Specific Achievements
- Create a slideshow with interactive visualizations.
How Smart?
The reproducible pipeline under construction begins with open data, uses scripts to perform analyses and create visualizations, and ideally ends in a published write-up.
rmarkdown merges code and documentation, allowing you to create automatic reports that include the results of computations and visualizations created on-the-fly.
How Interactive?
Rather than rendering to a static document, RStudio lets you easily inject shiny input and output widgets to documents constructed with RMarkdown. These widgets can accept user input through forms, menus, and sliders, and cause corresponding tables, plots, and other graphical output to dynamically update.

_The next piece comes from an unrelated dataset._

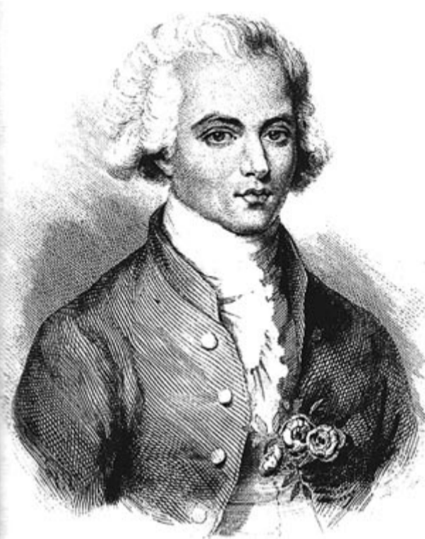
Charles-Édouard de Beaumont 1840-ben készült idealizált portréja az ifjú Joseph Bologne-ról

A hegedűs testőr kegyeiért azért versenyeztek a zeneszerzők, hogy ő mutassa be műveiket. Ezért egyesek Haydn műveit ajándékként hozták neki, Carl Philipp Stamitz német zeneszerző pedig hat vonósnyegyesét ajánlotta a lovag hegedűsnek.

Interactive documents require connection to a live R process, which any user running RStudio can provide, but so can hosting services like www.shinyapps.io.
Markdown
Markdown exists outside of the R environment. Like R, it is both a language and an interpreter.
-
It is a language with special characters and a syntax that convey formatting instructions inside text files.
-
The accompanying interpreter reads text files and outputs one of several types of formatted documents (e.g Word, PDF, and HTML).
RMarkdown
The rmarkdown package bundles the formatting ability of Markdown with the ability to send embedded code to an R interpreter and capture the result.
Seeing is Believing
The lesson’s .Rmd
worksheet is an RMarkdown script. Open it and find the
following incantation.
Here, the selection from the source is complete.